Improving enzyme properties by directed evolution
Directed evolution has enjoyed great success in improving existing enzyme characteristics. In the following sections, only a few selected examples will be highlighted. Alterations have been made for almost all aspects of enzyme properties, such as substrate specificity, product specificity, selectivity, activity, stability, or folding/solubility. Such alterations are required for enzymes to become practically useful biocatalysts or therapeutics.

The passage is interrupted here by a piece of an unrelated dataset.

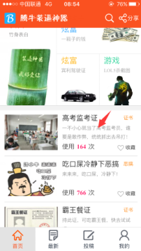1、首先,我们需要下载腾牛装逼神器,成功安装后,打开软件,在首页即可看到高考监考证,点击进入;
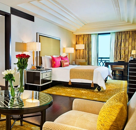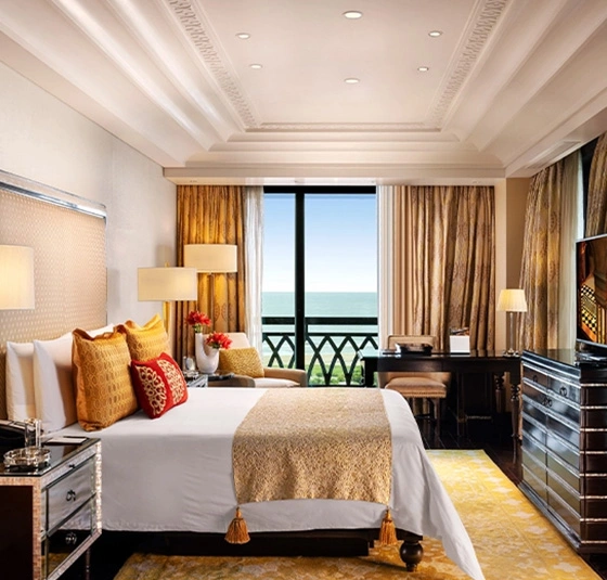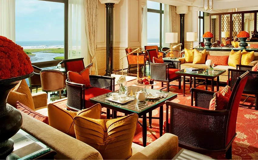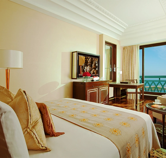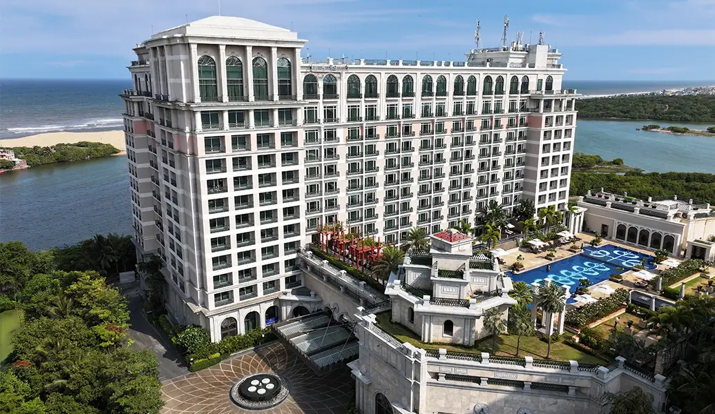 Mute The Leela Palace ChennaiInspired by the grandeur of Chettinad palaces, The Leela Palace Chennai is a majestic seafront sanctuary where timeless elegance meets modern indulgence. Set on 4.8 acres overlooking the Bay of Bengal, this 5-star hotel in Chennai blends classical architecture with contemporary luxury, embodying the city’s rich heritage and cosmopolitan charm.As a distinguished luxury hotel in Chennai, it offers marble-lined corridors, chandelier-lit ceilings, curated art, and lush gardens that create a setting of regal serenity. Savour global cuisine at our acclaimed restaurants, witness the soul-stirring theepantham lamp ritual at dusk, and be swept away by live Carnatic melodies.In your opulent suite at this renowned 5-star hotel in Chennai, discover not just comfort — but a profound connection to the cultural soul of the city.Scan here to view our valid FSSAI License for food safety compliance.Note: The Leela Palace Chennai is a 100% non-smoking hotel, with a designated smoking area available for guests’ convenience. Stay & Revel Presidential Suite Chairman Suite Royal Suite – 2 Bedrooms Royal Suite – 1 Bedroom Premier Suite Executive Suite Premier Club Room Royal Club Sea View Room Royal Club Room Grand Palace Sea View Room Grand Palace Pool View Room Grand Palace Room Curated Offers Festive Getaway Romantic Sojourn Staycation Leela DISCOVERY Member Special The Leela Palace Trail View All Epicurean Delights China XO From Cantonese classics to Peking Duck, discover why this is one of the best Chinese restaurants in Chennai. Jamavar Raan-e-Jamavar and Dal Jamavar. Regal flavours at one of the finest 5-star restaurants in Chennai. Spectra Global plates with a view. A favourite for multicuisine restaurants in Chennai. Library Blu Craft cocktails, tapas and a sea of blue. A go-to for the best bars in Chennai. The Lobby Lounge An elegant escape where high tea is paired with delicate scones and quiet conversations. The Cake Shop Artisanal chocolates, pastries and freshly baked breads to tempt every craving. Celebrations & Conferences CelebrationsIntimate celebrations to grand galas, making every occasion timeless. Enquire Now Factsheet MeetingsAllow us to orchestrate every detail, so your meetings flow effortlessly. Enquire Now Factsheet The Leela Palace ChennaiHotel CoordinatesHotel Address:Adyar Seaface, 175 Sathya Dev Avenue Ext, MRC Nagar, Chennai 600 02835 mins from Chennai International Airport Telephone: +91 (44) 6665 1234 Hotel Factsheet FAQs Enquire Now You must have JavaScript enabled to use this form. Name phone Phone Email Hotel*The Leela Palace Chennai Purpose of EventWeddingsCelebrations Need a stay?YesNo Additional Information I agree to receive updates, offers, via sms, rcs & Whatsapp. Mobile Number Enquire Now You must have JavaScript enabled to use this form. Name Phone Email Hotel*The Leela Palace Chennai Additional Information I agree to receive updates, offers, via sms, rcs & Whatsapp. Mobile Number

Although the analogy of lock and key is sometimes used to describe the relationship between an enzyme and its substrate, in reality, the level of specificity varies. A particular enzyme may perform similar reactions on a range of related substrates or it may show tremendous specificity to one molecule. This aspect of enzymes can be exploited to develop variants with altered substrate recognition. In some cases, it may be beneficial to expand the range of substrates acted on. For example, polychlorinated biphenyls (PCBs) are a class of organic compounds whose use is decreasing due to concerns over their long-term environmental persistence and health effects. Certain bacteria can degrade some of these compounds by oxygenation reactions. Shuffling of two biphenyl dioxygenases from different bacteria resulted in higher activity, and activity on novel substrates such as toluene (32). In another example, EP-PCR was used to convert E. coli aspartate aminotransferase into a valine aminotransferase (33). A mutant enzyme with 17 amino acid substitutions was created that shows a 2.1 x 106-fold increase in the catalytic efficiency for a non-native substrate, valine. Structural analysis of the mutant enzyme by protein crystallography indicated a remodeled active site and altered subunit interface caused by the accumulative effects of mutations. Most surprisingly, only one of the mutations directly contacts the substrate, which underscores our limited understanding of enzyme substrate specificity. These mutations would be difficult, if not impossible, to be identified and introduced to the mutant enzyme by a rational design approach.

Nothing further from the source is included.